The Salzburg Collection at the University of Alberta. Research stay of Dr. Marion Romberg (ÖAW-IHB) in February 2020

From 1 to 24 February 2020, Dr. Marion Romberg, historian and art historian from the Institute for Habsburg and Balkan Studies of the Austrian Academy of Sciences (ÖAW-IHB) in Vienna, will be staying at the Wirth Institute for Austrian and Central European Studies at the University of Alberta. The objective of her prolonged stay is twofold:

Firstly, she will hold a public guest lecture on her current research on the Empresses of the 17th century. It will present the  results of the project ‘Empress and Empire: Ceremonials, Media, and Rulership’ (Austrian Science Fund P 28241, headed by Katrin Keller, https://kaiserinnen.oeaw.ac.at), carried out at the ÖAW-IHB between 2015/17–2020. The lecture “An Early Modern Empress Consort’s Role in the Courtly Public Sphere: The Forgotten Empress Eleonor Magdalene of Neuburg (1655–1720)” will take place on 6 February at 2 pm. Dr. Romberg will also hold a guest presentation in the undergraduate lecture course on the Habsburgs taught by Professor Joseph F. Patrouch in the Department of History and Classics.

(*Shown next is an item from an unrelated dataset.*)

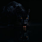 A sleek black panther crouches near a dark, reflective surface, its striking orange eyes gazing intensely ahead. The moody surroundings enhance the mysterious atmosphere of the scene.

Secondly, Dr. Romberg’s stay serves to prepare her new research project on the early modern holdings of the Salzburg seminary library. The in-house seminary library was a central transition and multiplication site of knowledge. Founded in 1567, the Salzburg Seminar became one of the centers of priests’ education. As the seminar developed over time, its library grew from approximately 998 volumes (1598) to 1,330 (1641), 3,800 (1699), 7,300 (1772) and 10,934 (1816), to the present total of about 63,000 titles. In 1965, on the initiative of Prof. Helen Liebel-Wechowicz (1930-2017), the University of Alberta purchased a substantial part of the book collection of the Salzburg Seminary.  The so-called “Salzburg Collection” comprises about 3,500 volumes. Thematically, the focus is on juridica, which is supplemented by books on the history, politics and culture of the Habsburg monarchy, the Holy Roman Empire and other European countries, regions and societies. Dr. Romberg pursues the long-term goal to create a digital image of the knowledge network within the early modern holdings of the Salzburg Seminary Library. This is a library, which in its entirety (Salzburg and Alberta) awaits a more in-depth scholarly examination.  For a catalog featuring selections from the library, see Felice Lifshitz and Joseph F. Patrouch, Salt, Sword, and Crozier: Books and Coins from the Prince-Bishopric of Salzburg (Edmonton: University of Alberta Libraries, 2017).

Dr. Romberg earned her PhD in 2015 on the topic of village churches and their murals as a multiplication places of knowledge. She focused especially on the iconography of the four continents as a media which disseminated knowledge on the flora and fauna, people and lands of the world, constituted discourses on identity and alterity and formed the mentality of the beholder. For further information see her published thesis Die Welt im Dienst des Glaubens. Erdteilallegorien in Dorfkirchen auf dem Gebiet des Fürstbistums Augsburg im 18. Jahrhundert( Stuttgart: Franz Steiner Verlag 2017) and her most recent article “Did Europe exist in the Parish before 1800? The Allegory of Europe and her three Siblings in Folk Culture,” pp. 77–103 in Isabella Walser-Bürgler, Clementina Marsico, and Nicolaus Detering (eds)., Contesting Europe: Comparative Perspectives on Early Modern Discourses of Europe (15th–18th Century) (=Intersections, 67) (Leiden: Brill 2019).